Najib has also moved to crush the opposition and prevent it from mounting another serious challenge to the ruling party’s supremacy. On that front, he has made some headway: Malaysia’s most prominent opposition leader, Anwar Ibrahim, is currently serving a five-year prison sentence on politically motivated charges. In a country that has been marked for decades by contentious racial politics, Najib has also appealed to deeply-rooted Malay nationalist sentiments to boost his flagging popularity among the ruling party’s base.

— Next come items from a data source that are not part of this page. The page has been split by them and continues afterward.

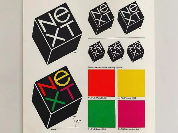 苹果公司也是同理,logo造型和公司名称一致,辨识度极高,让人一眼就能记得住。省去了过多营销,降低了教导大众一遍遍认知的成本。有了之前的成功经验,乔布斯更加断定砸重金让保罗·兰德设计logo,值。他能接受一稿不改,但问兰德能不能多出几个方案,让他选选?“我做设计从不给客户备选方案。就一个,要方案多的,你去找别人。”“我会给你提供最好的方式解决问题,无论你最终用不用,都要把钱付给我。”日常暴躁且偏执的乔布斯,认为自己遇到了同道中人,没有再反驳。两周左右的时间,logo就设计好了。最后,大概是这个样子。各位觉得如何?因为乔布斯和他描述了未来电脑的样子,兰德将logo做成了黑色立方体。为了满足乔布斯的意愿,他用公司名称来设计logo,他认为使用基础字体去设计logo是必要的,然后在其中一个字母上做创新。保罗·兰德还设计了一个小册子,从字体,排版,颜色多方面论证了这个logo的合理性。乔布斯非常喜欢。next是一个太常见的词,为了让它陌生一点,保罗·兰德将其变成大写。将其中的“e”变成小写,做出视觉焦点,有趣灵活。寓意三个单词:education教育、excellence卓越、exceptional杰出。据《乔布斯传》记载,他看了一会儿logo,过去拥抱了兰德。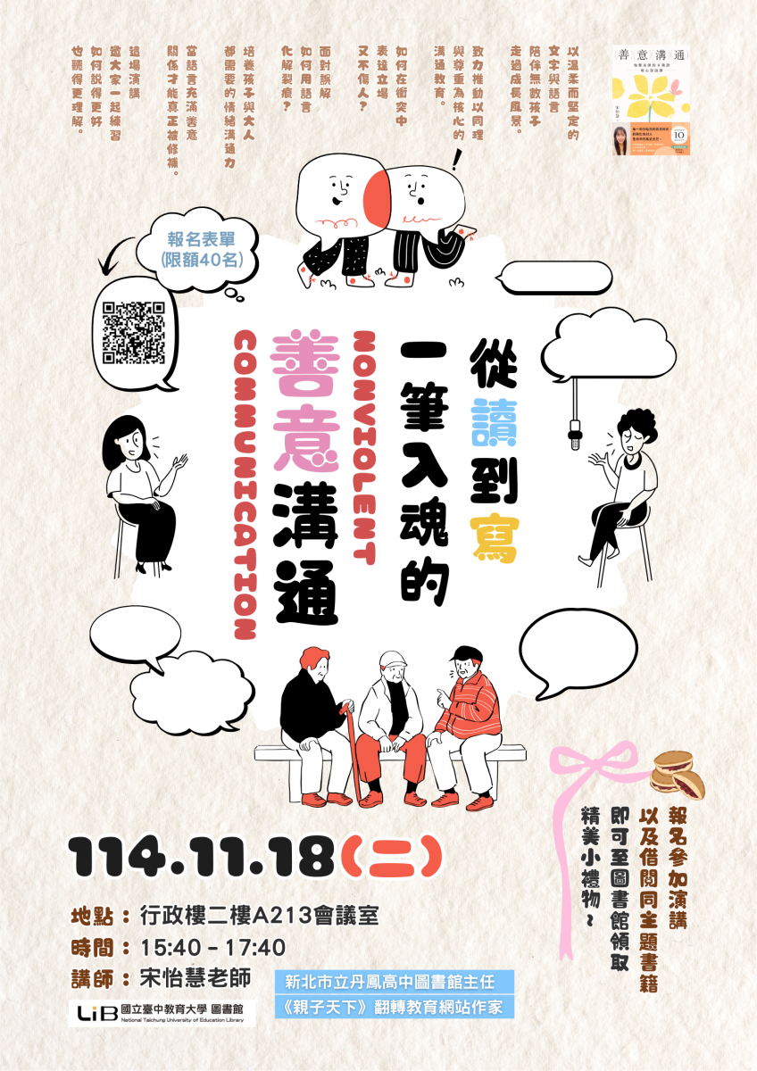 1.講題:從讀到寫:一筆入魂的善意溝通/丹鳳高中宋怡慧老師。線上報名(限額40名)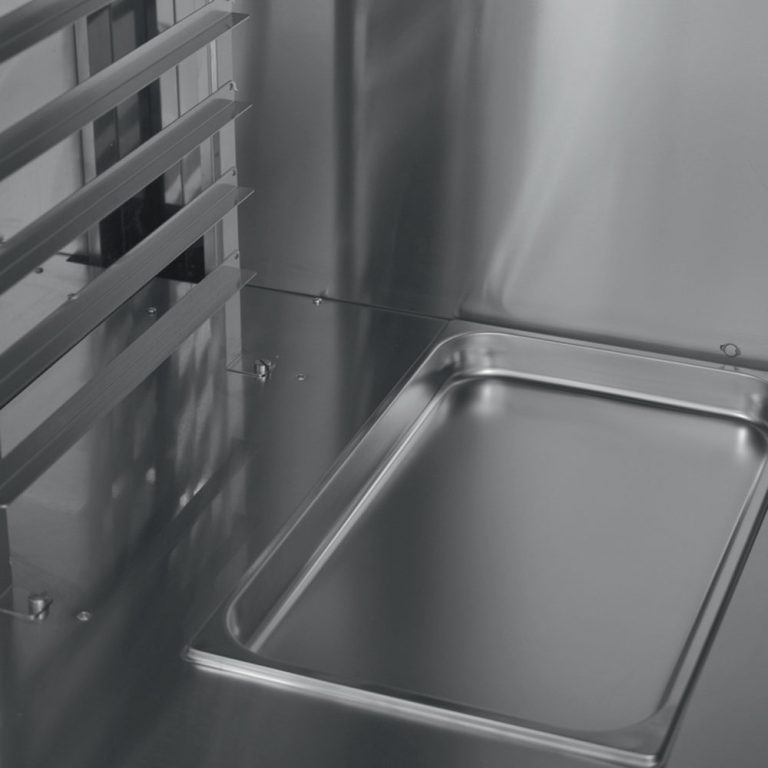- Innen GN Wanne (auf dem Boden), um Wasser einzulassen und den Schrank zu befeuchten.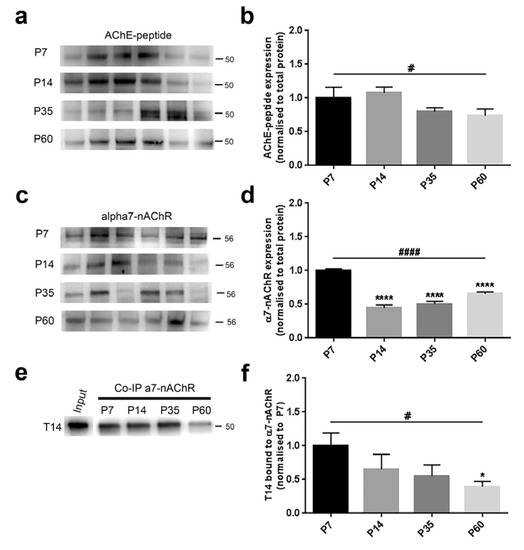 We observed after the Co-IP assay that the interaction between T14 and α7-nAChR showed, although not significant, a decreasing tendency among the four groups (F(3,20) = 2.401, p = 0.0979, one-way ANOVA) (Figure 4f). When independently comparing the ages, we only detected a significant decline between P7 and P60 animals (P7 vs. P14, p = 0.5318; P7 vs. P35, p = 0.2018; P7 vs. P60, p = 0.0481, Bonferroni’s test) (Figure 4f); however, the linear trend analysis showed a marked profile (p = 0.0160).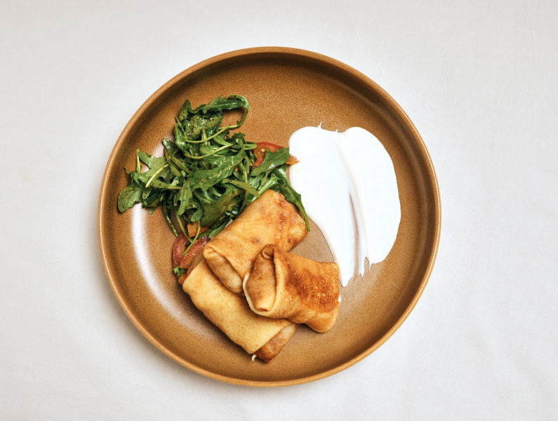 Тонкие румяные блинчики с сочной телятиной с луком, со сметаной и пряным салатом из руколы и помидорами.
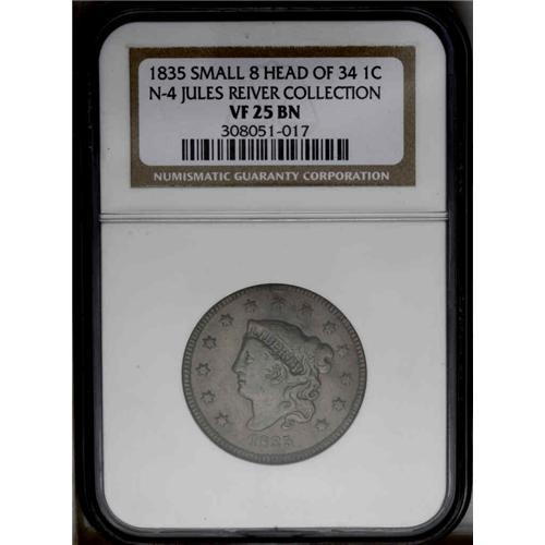 1835 1C N-4, High R.4. Small 8 and Stars. VF25 NGC. Fi 1835[1C] Small 8 and Stars. N-4, High R.4. VF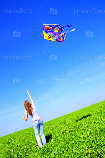 Девушка с воздушным змеем в руках

In sum, the government’s moves have left Malaysia with a crippled opposition, a persecuted media, a gerrymandered parliament, a judiciary eager to do the Prime Minister’s bidding, and a cabinet of yes-men who have little interest in tackling high-level corruption. These aren’t all the results of Najib alone—Malaysia has for years struggled to consolidate democracy. But it’s a striking indictment of the fundamental weakness of Malaysia’s democratic institutions that Najib has so easily bent them to his will.

It’s unclear where the story goes from here. The international investigations still hang over the case, but Najib has been cleared of corruption by Malaysian investigating authorities (thanks, in part, to his choice to replace key officials). There is scant hope of forcing Najib from power before the next election in 2018 given that the majority of his party still backs him and there is little procedural recourse for the opposition.

Even if Najib resigns, however, it is uncertain if a shaky opposition, with its main leader imprisoned, can really “save” the country. The 1MDB scandal is a symptom, not the cause, of Malaysia’s current woes, and Najib’s removal will not resolve the country’s long-term challenges. The problems Malaysia faces run deeper than Najib, and the country can’t be truly saved until political leaders undertake serious efforts to reform and democratize key institutions.